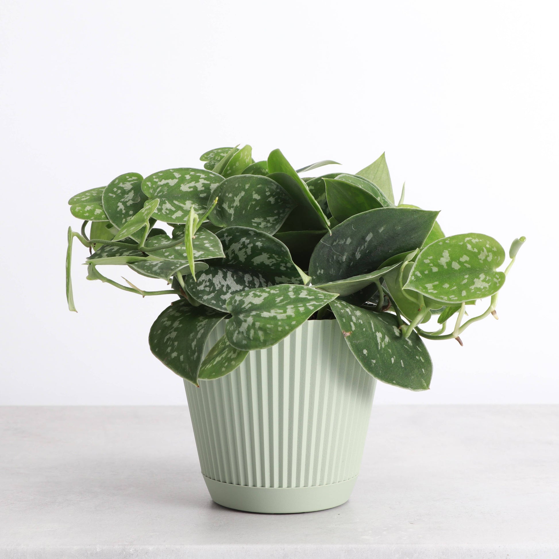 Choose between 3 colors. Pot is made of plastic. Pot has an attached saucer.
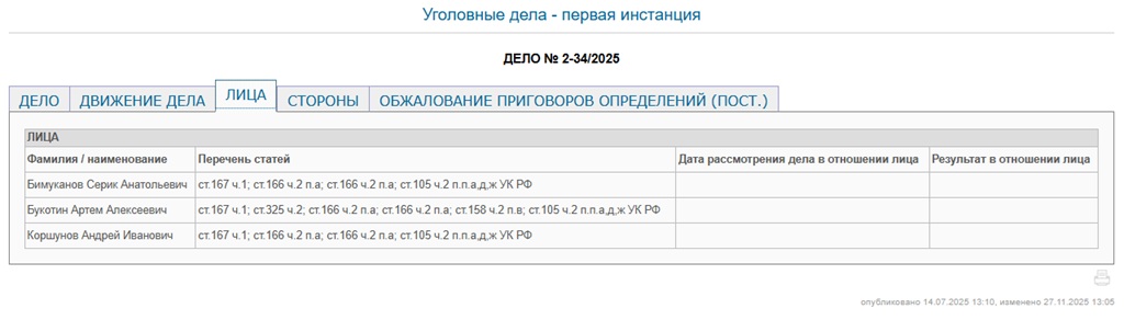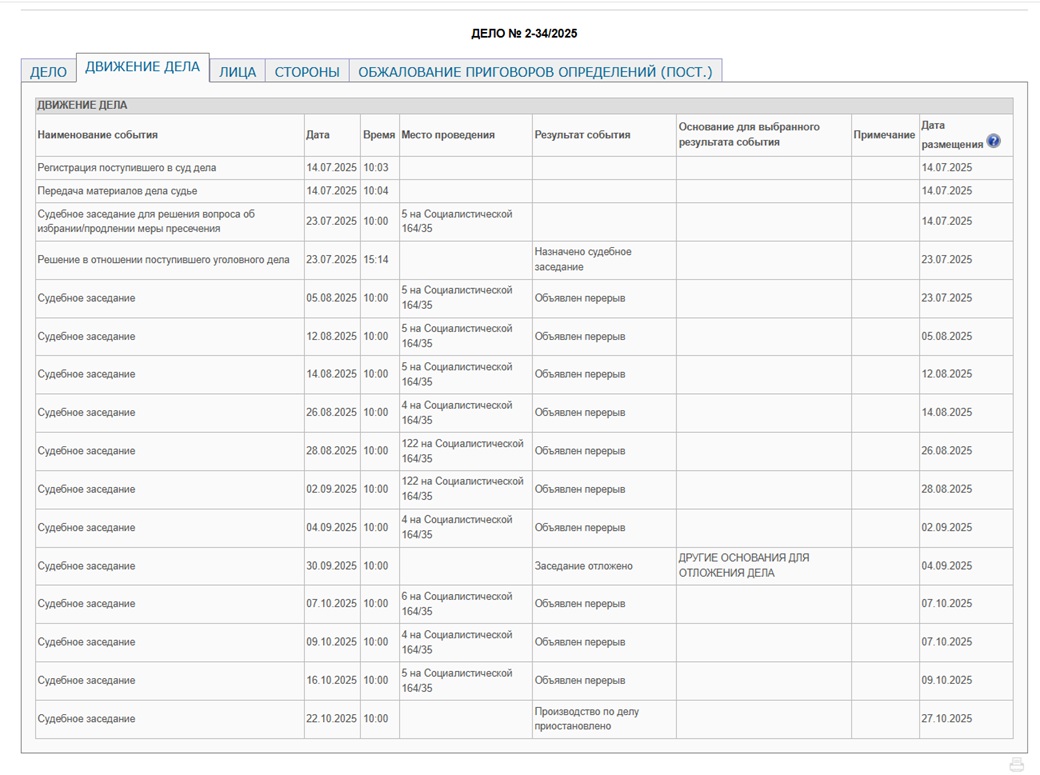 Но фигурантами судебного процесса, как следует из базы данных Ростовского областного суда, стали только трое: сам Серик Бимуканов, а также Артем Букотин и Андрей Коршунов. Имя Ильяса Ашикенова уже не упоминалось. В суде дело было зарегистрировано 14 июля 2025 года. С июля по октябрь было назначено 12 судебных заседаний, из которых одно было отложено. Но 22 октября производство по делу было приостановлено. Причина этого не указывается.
---
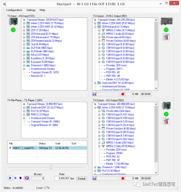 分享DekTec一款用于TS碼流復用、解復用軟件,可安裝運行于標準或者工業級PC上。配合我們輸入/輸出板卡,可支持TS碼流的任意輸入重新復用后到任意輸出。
---
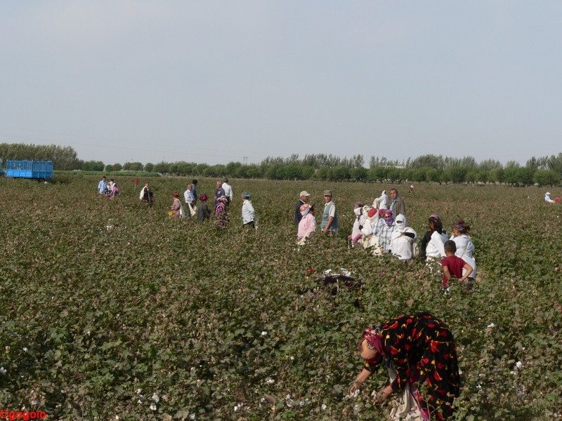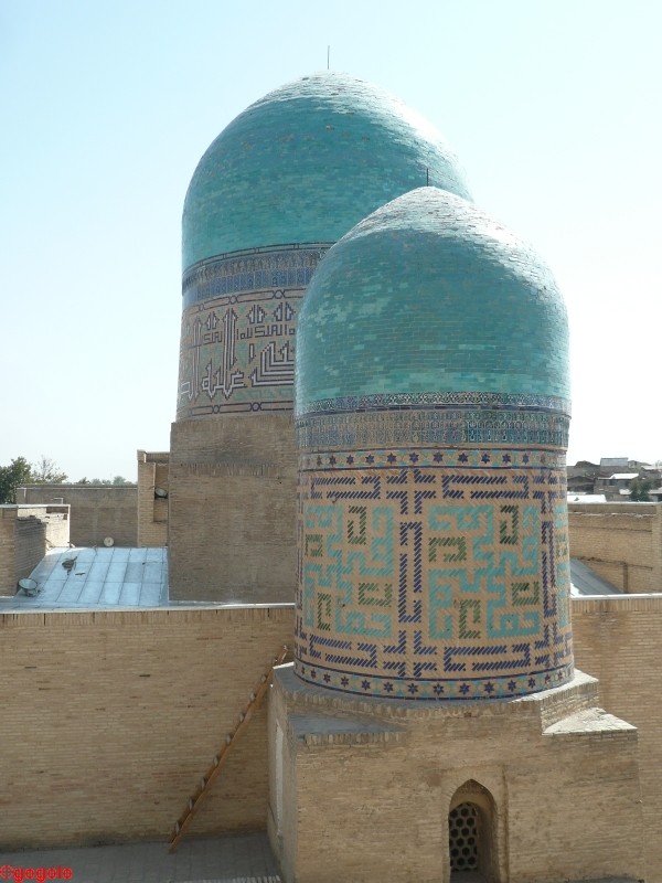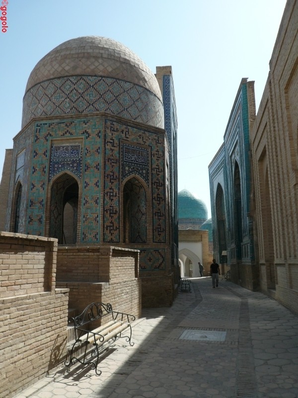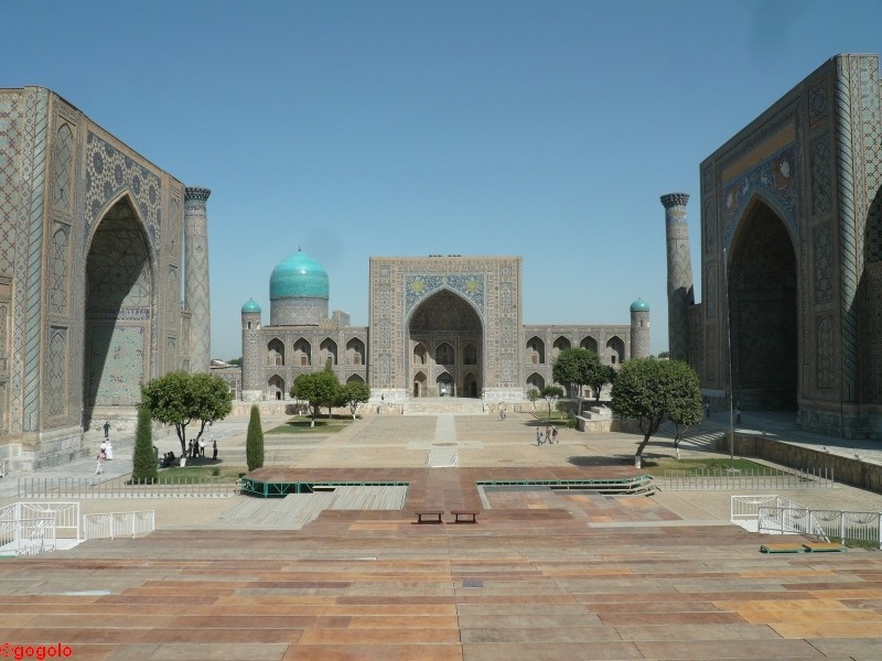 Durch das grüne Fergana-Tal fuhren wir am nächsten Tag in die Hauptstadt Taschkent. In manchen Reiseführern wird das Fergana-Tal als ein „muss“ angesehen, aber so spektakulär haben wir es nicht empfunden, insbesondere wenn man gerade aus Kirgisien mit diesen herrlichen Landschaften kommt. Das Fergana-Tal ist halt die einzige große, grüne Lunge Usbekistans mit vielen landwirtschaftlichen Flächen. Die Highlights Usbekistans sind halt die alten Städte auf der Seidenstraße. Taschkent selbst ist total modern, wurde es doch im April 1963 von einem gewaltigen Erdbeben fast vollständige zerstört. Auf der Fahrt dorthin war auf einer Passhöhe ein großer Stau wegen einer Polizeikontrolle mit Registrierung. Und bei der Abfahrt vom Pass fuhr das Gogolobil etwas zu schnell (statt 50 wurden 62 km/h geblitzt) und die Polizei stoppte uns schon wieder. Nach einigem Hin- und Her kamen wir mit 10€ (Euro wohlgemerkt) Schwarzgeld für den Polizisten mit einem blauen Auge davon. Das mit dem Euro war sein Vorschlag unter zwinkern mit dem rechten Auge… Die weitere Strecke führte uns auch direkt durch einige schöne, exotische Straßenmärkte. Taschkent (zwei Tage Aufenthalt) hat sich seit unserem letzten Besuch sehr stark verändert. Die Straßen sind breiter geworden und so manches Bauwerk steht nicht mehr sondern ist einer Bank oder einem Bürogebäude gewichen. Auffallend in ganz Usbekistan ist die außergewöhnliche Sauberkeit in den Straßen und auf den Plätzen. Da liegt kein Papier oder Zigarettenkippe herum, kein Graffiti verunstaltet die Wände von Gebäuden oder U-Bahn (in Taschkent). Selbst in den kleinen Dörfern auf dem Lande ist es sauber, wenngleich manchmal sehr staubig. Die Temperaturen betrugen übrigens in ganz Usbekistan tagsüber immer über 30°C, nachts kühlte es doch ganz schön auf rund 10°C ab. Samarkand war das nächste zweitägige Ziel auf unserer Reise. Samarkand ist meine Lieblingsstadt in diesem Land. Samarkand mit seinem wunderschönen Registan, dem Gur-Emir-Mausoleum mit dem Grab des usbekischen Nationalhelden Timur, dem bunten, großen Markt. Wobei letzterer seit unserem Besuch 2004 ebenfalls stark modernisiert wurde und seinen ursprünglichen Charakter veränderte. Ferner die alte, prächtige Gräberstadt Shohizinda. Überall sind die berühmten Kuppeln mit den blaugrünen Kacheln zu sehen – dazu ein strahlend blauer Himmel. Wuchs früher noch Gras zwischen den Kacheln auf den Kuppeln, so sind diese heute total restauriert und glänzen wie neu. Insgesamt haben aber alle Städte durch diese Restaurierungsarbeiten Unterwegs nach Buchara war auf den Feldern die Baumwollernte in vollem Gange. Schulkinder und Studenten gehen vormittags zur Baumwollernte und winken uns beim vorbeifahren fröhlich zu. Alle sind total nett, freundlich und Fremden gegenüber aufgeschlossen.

Problem requirements:
Leave the pictures out. Output, exactly, the lines of the material above starting at the line containing "Choose between 3" and ending at the line containing "Но фигурантами судебного".

Task answer:
 Choose between 3 colors. Pot is made of plastic. Pot has an attached saucer.
 Но фигурантами судебного процесса, как следует из базы данных Ростовского областного суда, стали только трое: сам Серик Бимуканов, а также Артем Букотин и Андрей Коршунов. Имя Ильяса Ашикенова уже не упоминалось. В суде дело было зарегистрировано 14 июля 2025 года. С июля по октябрь было назначено 12 судебных заседаний, из которых одно было отложено. Но 22 октября производство по делу было приостановлено. Причина этого не указывается.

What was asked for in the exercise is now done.